Transbay Temporary Terminal To Open (Existing To Close) August 7 [SocketSite]
Transbay Terminal Historians (And Futurists) Take Note [SocketSite]
SF Transbay Terminal []

12 thoughts on “All Aboard As San Francisco’s Transbay Terminal Nears Its Close”
  1. Hmmm.. I’m getting tired of paying property taxes. I think I’ll go lay in the station for a week with my dog and see if I can score a free apartment in the Loin.

  2. Thanks for the pics. Its easy to imagine that at one time it was a very fine space. (confusing perhaps – lots of ramps) Too bad it was allowed to decay and be taken over my vagrants.

  3. Kurt Brown rocks ! thanks for sharing those photos, they’ll supplement my fleeting memories of catching the 108 to TI.

  4. Why didn’t San Francisco have a more grand rail bus terminal similar to the old Union Station in L.A.? The old Transbay Terminal reminds me of a gloomy mid size city post office or worse (courthouse or jail). With the new Transbay we will be going from one extreme to another.

  5. ^Because there’s this big body of water immediately to the east of SF, which was only bridged in the late 1930’s. Until then, most rail traffic stopped in Oakland at the end of a giant pier, where people transferred to ferries for the last couple miles of the trip.

  6. @Milkshake: It’s an honor to serve. 5,700 image views in one day — a flickr record for me. Socket site drives some significant traffic!
    @Confused: When the original Transbay terminal was built, in the same year as Union Station in LA, it WAS “grand.” It was done in a more radically modern style (Bauhaus inspired) than the luscious deco of LA’s station, but it was definitely grand.
    Check out the pictures when it was just built — you can’t judge by the hacked up junk heap it is now, just like you can’t look like an 80 year old woman that had a dozen botched plastic surgeries and complain about “why she isn’t prettier” — she was, when she was 20.
    See, for example:
    It was grand and beautiful, in 1939, and for at least 20 years, before it was mercilessly hacked to pieces, and finally left for dead.
    And as for comparing it with Union Station, it’s not a fair comparison.

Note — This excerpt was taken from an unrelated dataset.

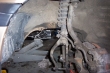 Finally, four hours later, as we think we've got it, we don't. The torsion bar is supporting the end of the motor, so we can lever it off the transmission shaft and slide it away.

Union Station was built as the primary Los Angeles stop on a national rail network. The Transbay Terminal was built solely as the hub of an extensive regional transit system. A system that, sadly, had only 20 years of life remaining after the terminal opened its doors. So by 1958, you ended up with a very grand bus station, which was the beginning of a 50 year decline.
    The new Transbay Terminal changes that — it will be a hub for regional rail (Caltrain), statewide rail (the California HST), in addition to bus lines. BART has noted that if ever a second transbay tube is built (the current bottle neck in the BART system), that it would ideally connect to the new Transbay Terminal. Of course, we’re billions in funding away from all of this, but that is the plan, and you have to start somewhere. These types of huge infrastructure projects don’t just spring to life in 10 years. They are typically 50 years in the making.
    As for you comment about “going from one extreme to the other”… are you saying: “because the old station was so ugly and decrepit, we should not have a new station that is so grand?” I don’t understand the logic in such a statement, so I’m pretty sure I’m misunderstanding your point.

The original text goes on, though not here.